## YOUR TASK
All of the listing should be returned as written, apart from any picture in it.

>>>>>

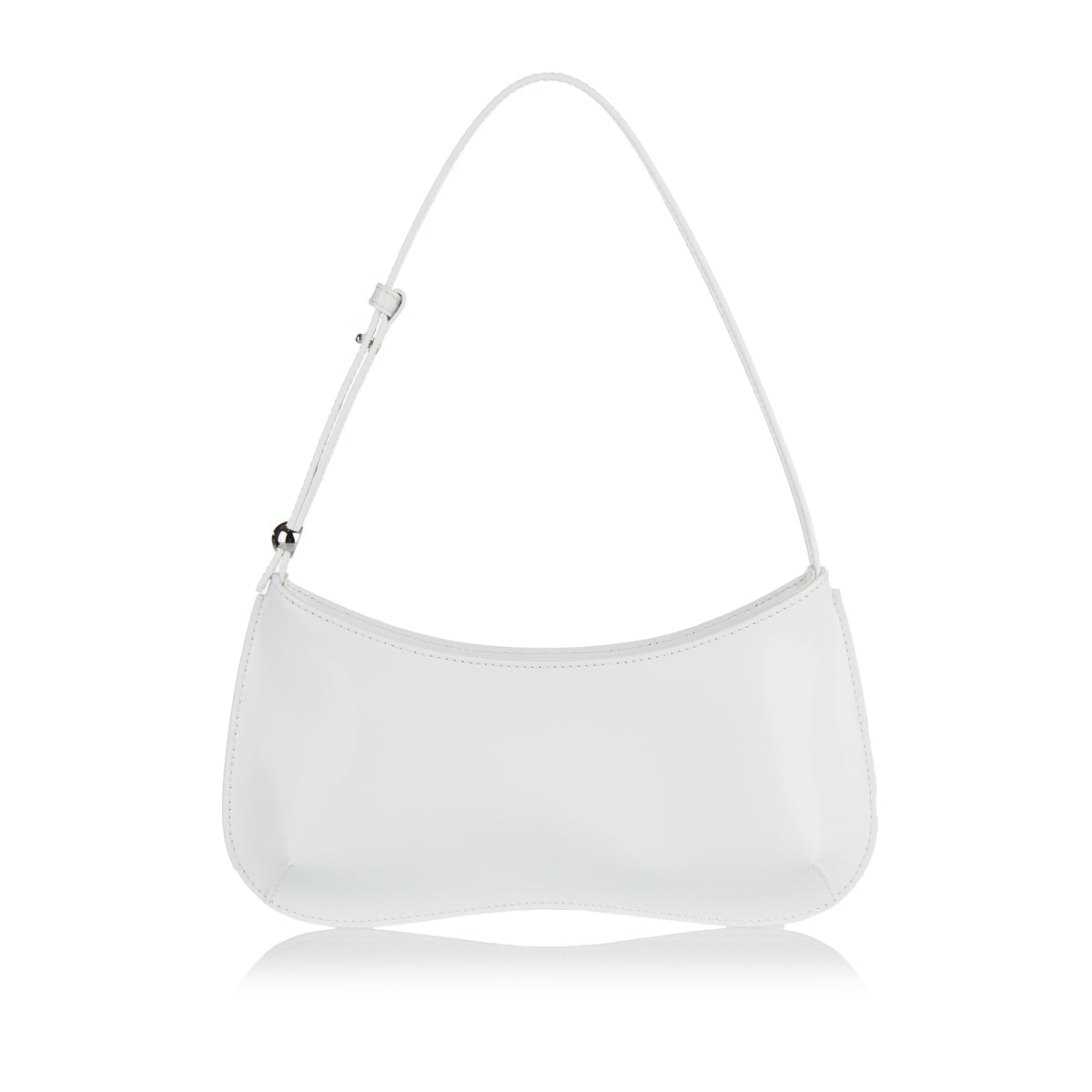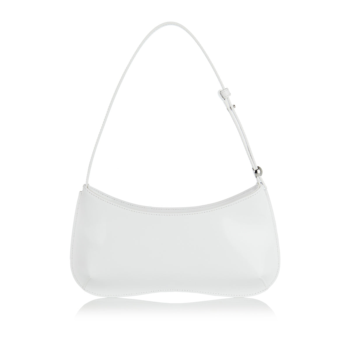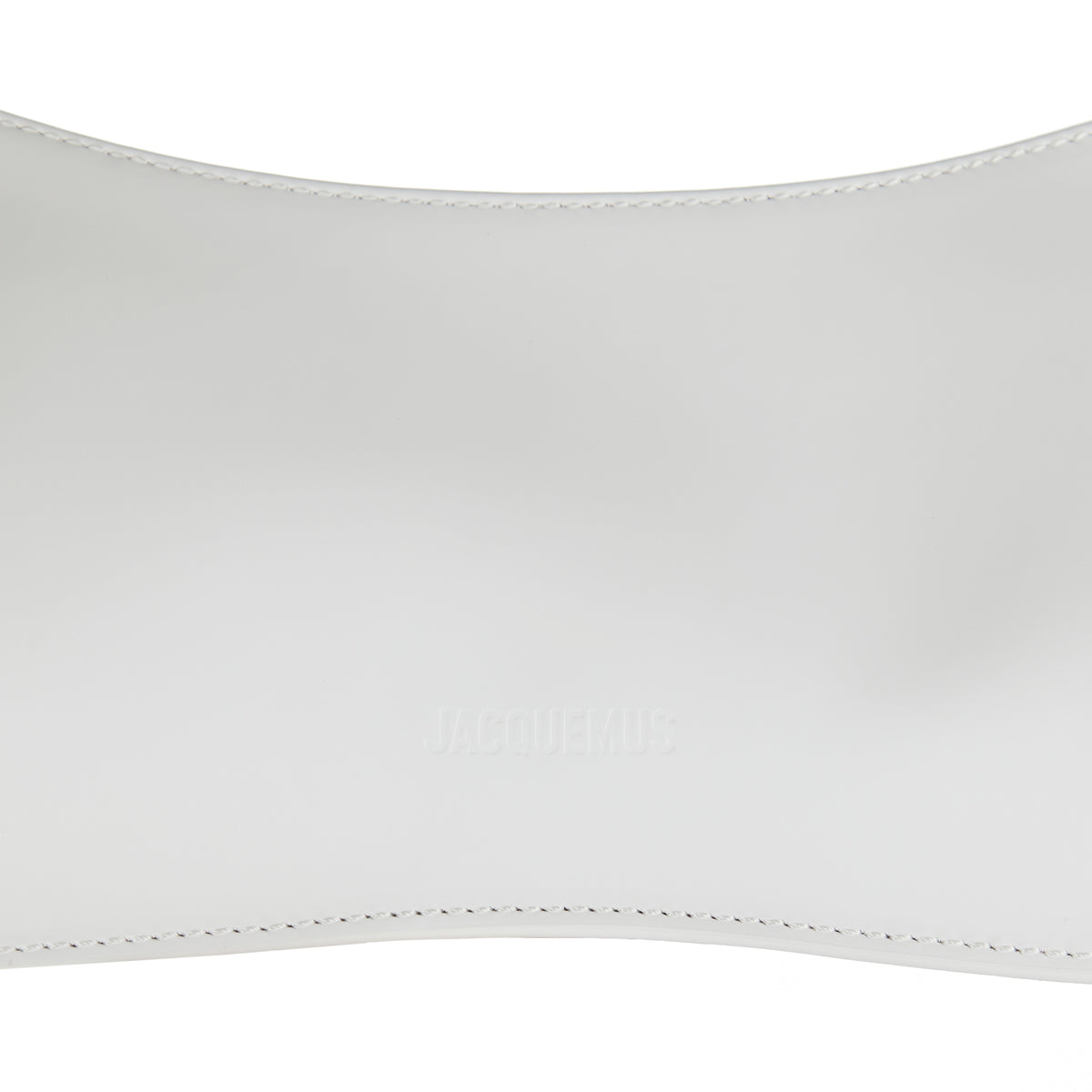 The Jacquemus Le Bisou shoulder bag is a sleek silhouette in glazed calf leather with silver-tone hardware. Featuring a zip closure, adjustable strap with engraved bead, and compact proportions, it embodies modern elegance. A versatile mini bag designed for both day and evening wear.
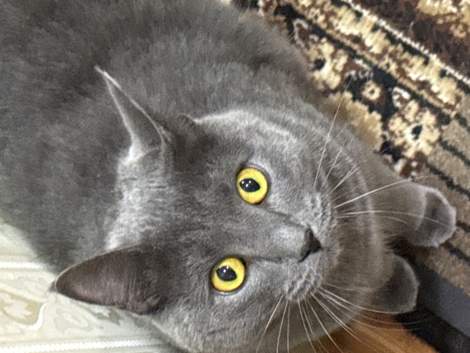 - "An overhead view captures a solid gray domestic cat with short fur in an indoor setting in Прикамский, Russia" by FM-oYDji2, licensed under CC BY 4.0
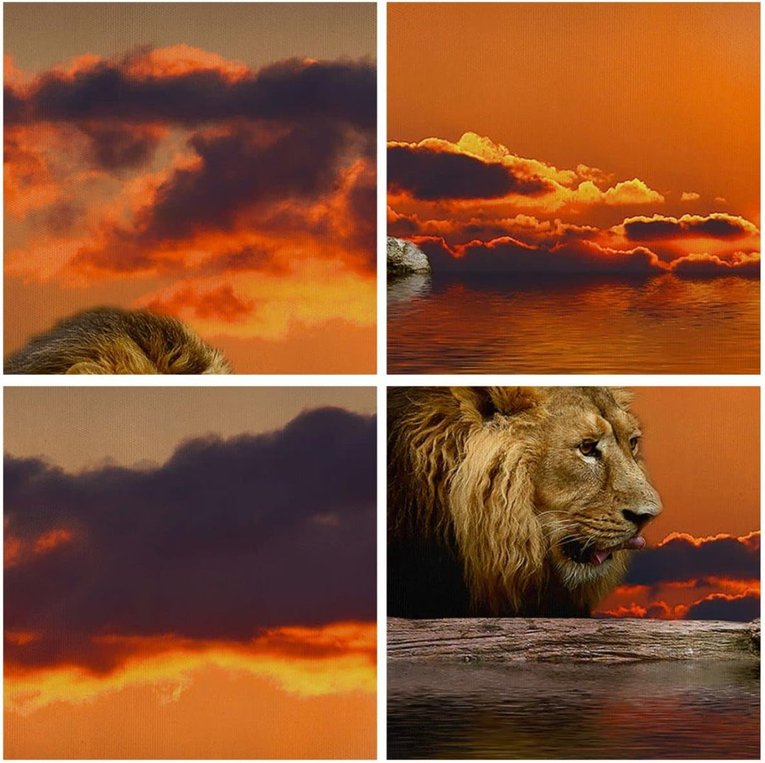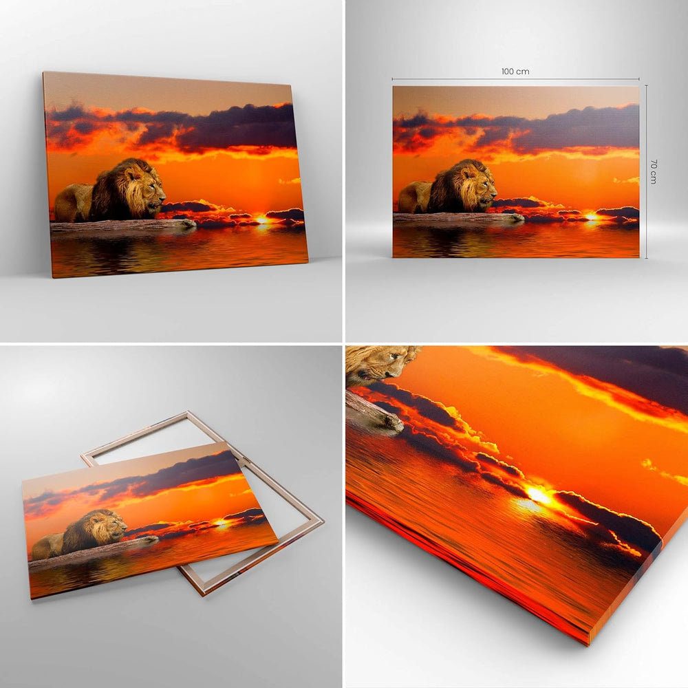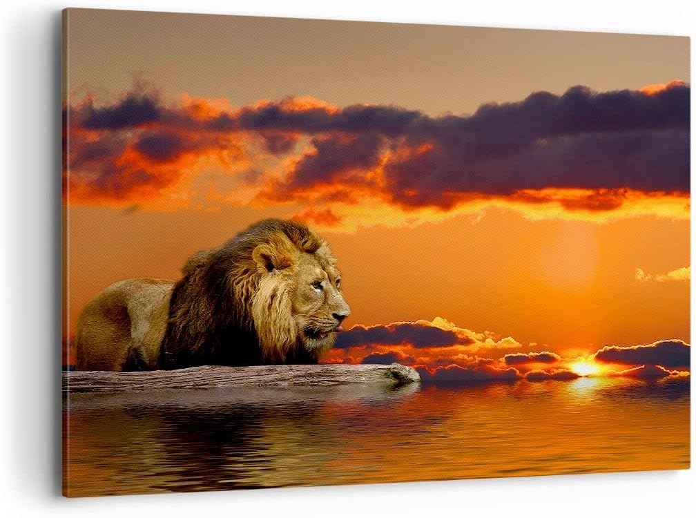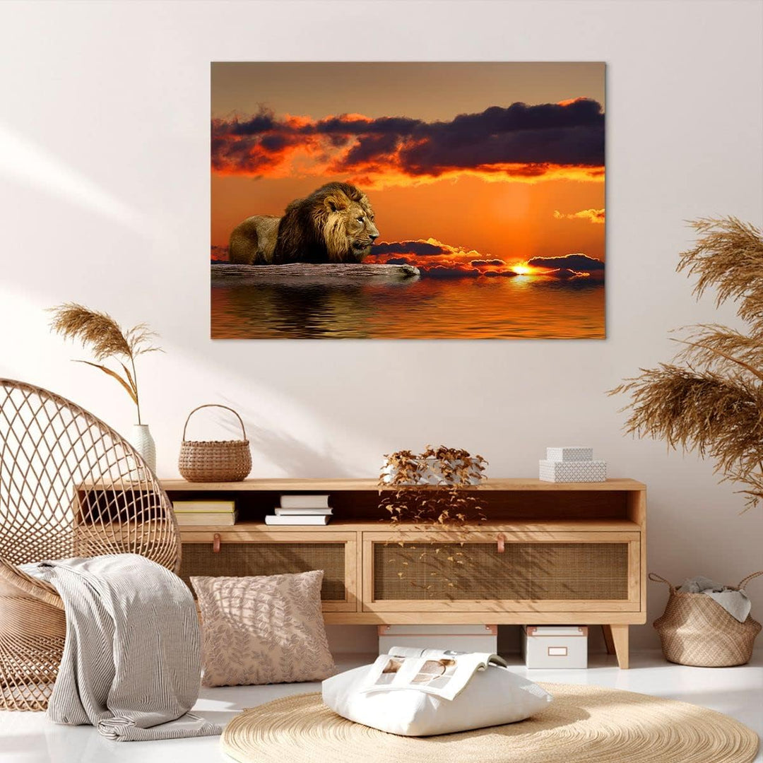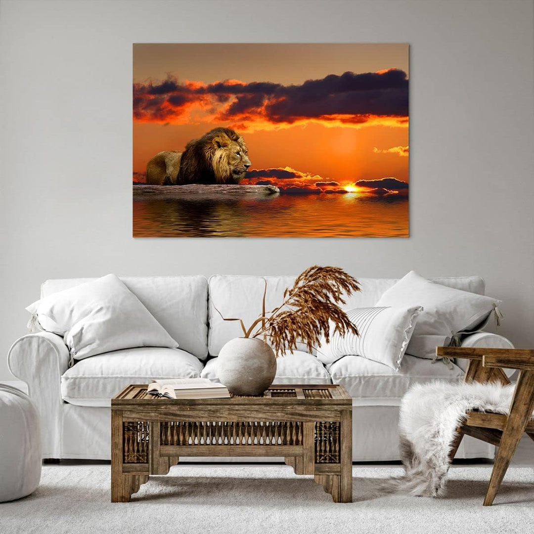 ARTTOR Bilder auf Leinwand 100x70cm Leinwandbild Löwe Sonne Landschaft Gross Wanddeko Bild Schlafzim
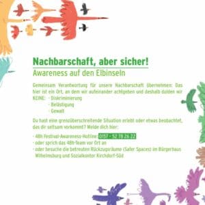 Den Organisator:innen von 48h Wilhelmsburg wurde deshalb vor einigen Jahren bewusst, dass es während des Festivals eine Anlaufstelle für Betroffene von übergriffigen Situationen braucht – und richteten 2019 ein Awareness-Team ein. Die Gäste des Festivals können sich jederzeit an dieses geschulte Team wenden: Es ist während des Festivals über eine Hotline erreichbar und hat ein Mietauto zur Verfügung, um schnell vor Ort zu sein. Im Bürgerhaus Wilhelmsburg und im Sozialkontor Kirchdorf-Süd gibt es zudem Safer Spaces, die Betroffene ansteuern können. Über Flyer, die Website, Social Media und Plakate werden die Gäste auf diese Anlaufstelle und auf das Konzept Awareness aufmerksam gemacht.
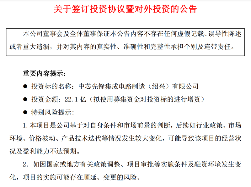 中芯集成拟222亿元扩产
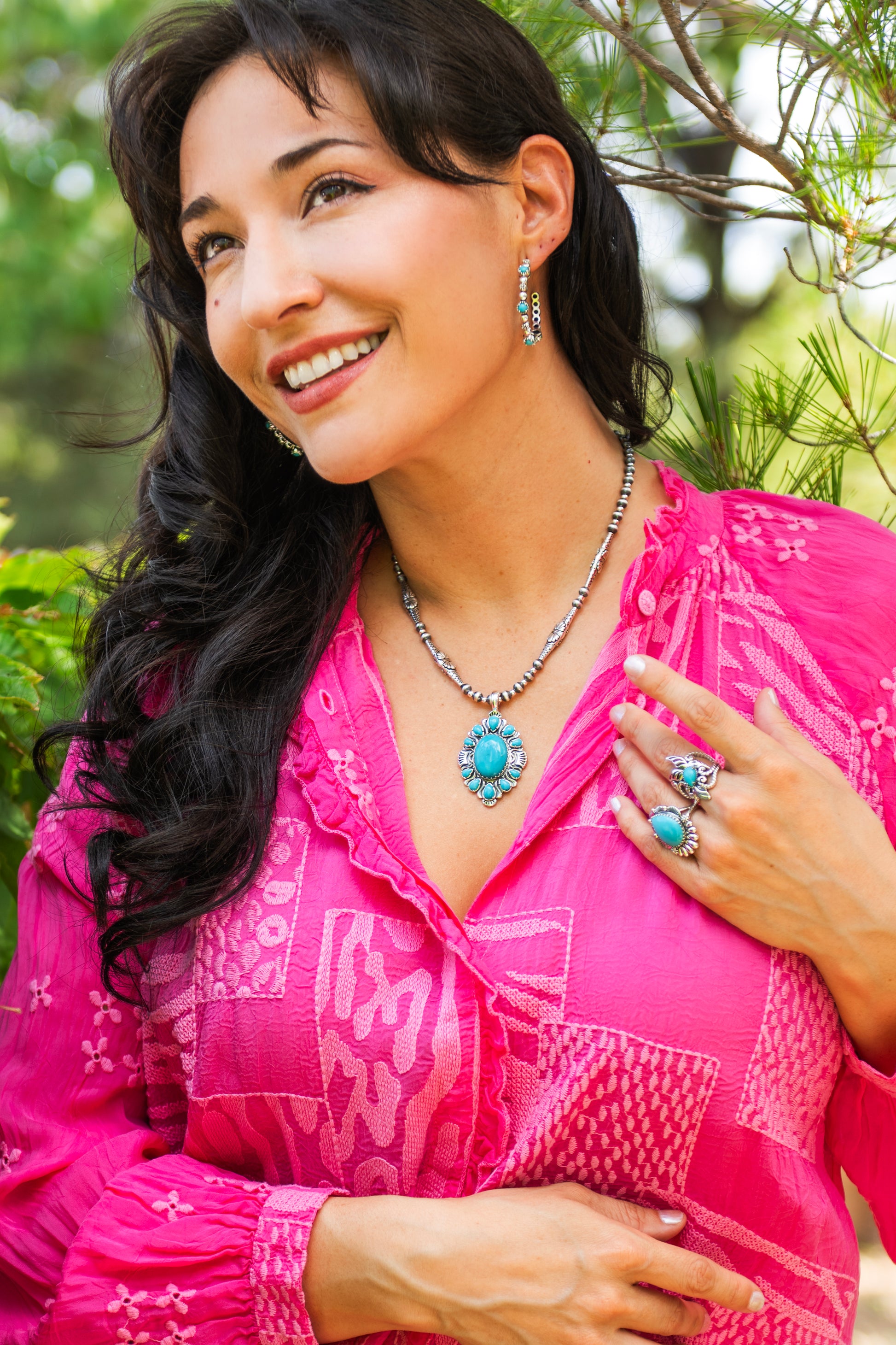 Ready for a statement that's all about southwestern flair? This enhancer showcases vibrant Kingman Turquoise cabochons in Sterling Silver, bringing instant color and boldness to your favorite chains or cords. The intricate setting and oxidized finish add character, making it a standout focal point for any fashion statement. At the center is a stunning oval cabochon in a serrated bezel. Pear cut Kingman Turquoise cabochons are fanned in a graduated arrangement both above and below with Sterling Silver prong settings and oxidized fan details. A polished top hinged bail accommodates most chains and cords. Turquoise has long been considered sacred due to its beautiful and unique appearance. Turquoise jewelry has been thought to bring luck to its wearer and have healing properties, making it an invaluable accessory for those looking to live a healthy and happy life. Every gemstone in the world is naturally unique, just like you! We carefully select the GIA certified gems for each piece, making your enhancer one-of-a-kind. You will find it will elevate any outfit! Whether at work, a date night with your honey or a special party or event– American West Jewelry will get you noticed. Get ready for compliments!
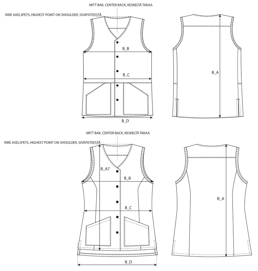 Unisexväst med slitsar i nederkant och tryckknappar i framkant. Utrustad med bröstficka och två snedställda fickor fram.
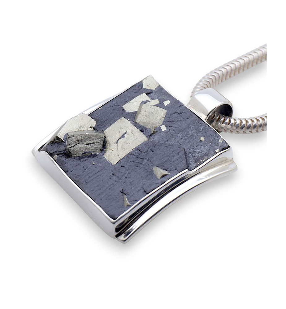 Manchette argent 925 et ardoise incrustée de pyrite - Pologne
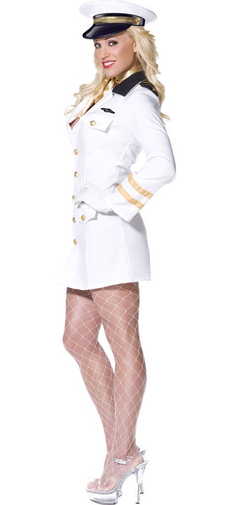 Ladies Officer costume includes a white long sleeved dress with button and pocket detailing. Also included is a pair of white hand gloves.

<<<<<

## RESULT OF THE EXERCISE
 The Jacquemus Le Bisou shoulder bag is a sleek silhouette in glazed calf leather with silver-tone hardware. Featuring a zip closure, adjustable strap with engraved bead, and compact proportions, it embodies modern elegance. A versatile mini bag designed for both day and evening wear.
 - "An overhead view captures a solid gray domestic cat with short fur in an indoor setting in Прикамский, Russia" by FM-oYDji2, licensed under CC BY 4.0
 ARTTOR Bilder auf Leinwand 100x70cm Leinwandbild Löwe Sonne Landschaft Gross Wanddeko Bild Schlafzim
 Den Organisator:innen von 48h Wilhelmsburg wurde deshalb vor einigen Jahren bewusst, dass es während des Festivals eine Anlaufstelle für Betroffene von übergriffigen Situationen braucht – und richteten 2019 ein Awareness-Team ein. Die Gäste des Festivals können sich jederzeit an dieses geschulte Team wenden: Es ist während des Festivals über eine Hotline erreichbar und hat ein Mietauto zur Verfügung, um schnell vor Ort zu sein. Im Bürgerhaus Wilhelmsburg und im Sozialkontor Kirchdorf-Süd gibt es zudem Safer Spaces, die Betroffene ansteuern können. Über Flyer, die Website, Social Media und Plakate werden die Gäste auf diese Anlaufstelle und auf das Konzept Awareness aufmerksam gemacht.
 中芯集成拟222亿元扩产
 Ready for a statement that's all about southwestern flair? This enhancer showcases vibrant Kingman Turquoise cabochons in Sterling Silver, bringing instant color and boldness to your favorite chains or cords. The intricate setting and oxidized finish add character, making it a standout focal point for any fashion statement. At the center is a stunning oval cabochon in a serrated bezel. Pear cut Kingman Turquoise cabochons are fanned in a graduated arrangement both above and below with Sterling Silver prong settings and oxidized fan details. A polished top hinged bail accommodates most chains and cords. Turquoise has long been considered sacred due to its beautiful and unique appearance. Turquoise jewelry has been thought to bring luck to its wearer and have healing properties, making it an invaluable accessory for those looking to live a healthy and happy life. Every gemstone in the world is naturally unique, just like you! We carefully select the GIA certified gems for each piece, making your enhancer one-of-a-kind. You will find it will elevate any outfit! Whether at work, a date night with your honey or a special party or event– American West Jewelry will get you noticed. Get ready for compliments!
 Unisexväst med slitsar i nederkant och tryckknappar i framkant. Utrustad med bröstficka och två snedställda fickor fram.
 Manchette argent 925 et ardoise incrustée de pyrite - Pologne
 Ladies Officer costume includes a white long sleeved dress with button and pocket detailing. Also included is a pair of white hand gloves.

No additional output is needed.